This post is just a footnote to the forthcoming or long lost theory I've been writing. It just so happens that I pulled in two 'plates of shrimp' today. Meme synchronicity. The first comes from Nassim Taleb in this video.
The second comes from Yglesias channelling Gladwell, emphasis mine.
At the end of the day, it’s hard for me not to reach the conclusion that the backlash is, not coincidentally, coming just as Gladwell’s hit upon a politically charged topic and reached conclusions that are discomfiting to the very successful. I’ve seen a few people express the notion that Gladwell’s conclusion — that success is determined largely by luck rather than one’s powers of awesomeness — is somehow too banal to waste one’s time with. I think those people need to open their eyes and pay a bit more attention to the society we’re living in. It’s a society that not only seems to believe that the successful are entitled to unlimited monetary rewards for their trouble, but massive and wide-ranging deference.

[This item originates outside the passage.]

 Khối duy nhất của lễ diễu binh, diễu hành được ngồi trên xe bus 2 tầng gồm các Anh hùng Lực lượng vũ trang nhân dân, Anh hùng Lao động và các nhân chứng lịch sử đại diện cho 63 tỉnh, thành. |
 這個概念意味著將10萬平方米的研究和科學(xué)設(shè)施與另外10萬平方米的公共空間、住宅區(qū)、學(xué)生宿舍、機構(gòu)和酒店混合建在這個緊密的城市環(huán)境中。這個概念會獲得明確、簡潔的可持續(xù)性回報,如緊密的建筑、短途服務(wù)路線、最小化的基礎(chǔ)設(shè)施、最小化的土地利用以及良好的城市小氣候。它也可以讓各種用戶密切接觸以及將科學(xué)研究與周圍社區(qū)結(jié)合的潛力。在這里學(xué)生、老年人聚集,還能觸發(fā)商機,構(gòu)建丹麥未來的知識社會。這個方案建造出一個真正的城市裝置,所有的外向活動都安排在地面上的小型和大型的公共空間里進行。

Beyond that, it’s a society in which the old-fashioned concept of noblesse oblige has largely gone out the window. The elite feel not only a sense of entitlement, but also a unique sense of arrogance that only an elite that firmly believes itself to be a meritocracy can muster. Gladwell not only shows that this is wrong, but he does an excellent job of showing why it feels right. He explains that success does, in fact, require hard work — lots of it — and that people who think they got where they are through effort rather than good fortune are at least half right. The issue is that in some ways the best luck of all is the luck to be in a position to do hard work at a time when it pays off. Bill Gates, Gladwell explains, put in vast hours programming computers at a very young age at a time when almost nobody in the United States even had the opportunity to put in that kind of time in front of a computer screen.
I cannot find where I was talking about this before. When I do, the links will go here.

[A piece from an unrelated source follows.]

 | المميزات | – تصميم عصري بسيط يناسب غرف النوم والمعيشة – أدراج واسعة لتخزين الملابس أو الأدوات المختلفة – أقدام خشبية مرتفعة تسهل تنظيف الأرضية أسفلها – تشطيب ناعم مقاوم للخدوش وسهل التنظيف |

Well. All I can say in retrospect is that these three, especially the first are useful:
Ross Douthat has an interesting take:
Thus the importance of the 10,000 hours aspect of Gladwell's argument - and thus, too, the psychological phenomenon Leonhardt is describing. Before you've put in your ten thousand hours (or before your child has done so), it makes sense to focus intently on the preconditions for success, rather than assuming that with enough hard work and talent you or your offspring can overcome any obstacle thrown in your way. But many of those preconditions are set, by definition, early in the life cycle, and the experience of actually succeeding takes place over the course of years of often-grinding work, in which a given meritocrat's work ethic makes a significant difference in how well you do relative to your peer group. (Not as much of a difference as being born a Kennedy, of course, but then again we only have so many fairy princesses ...)
By the time you reach the end of your career, then, what seems like the defining experience of your life isn't the broad luck of being born in the upper-middle class, or the narrower luck of being in the right place at the right time to join a hedge fund, or start a popular blog, or found a software company. It's the mad, mad treadmill that you've been running on since high school or earlier, the experience of which instills the not-unreasonable sense that despite all your advantages, you really do deserve your success.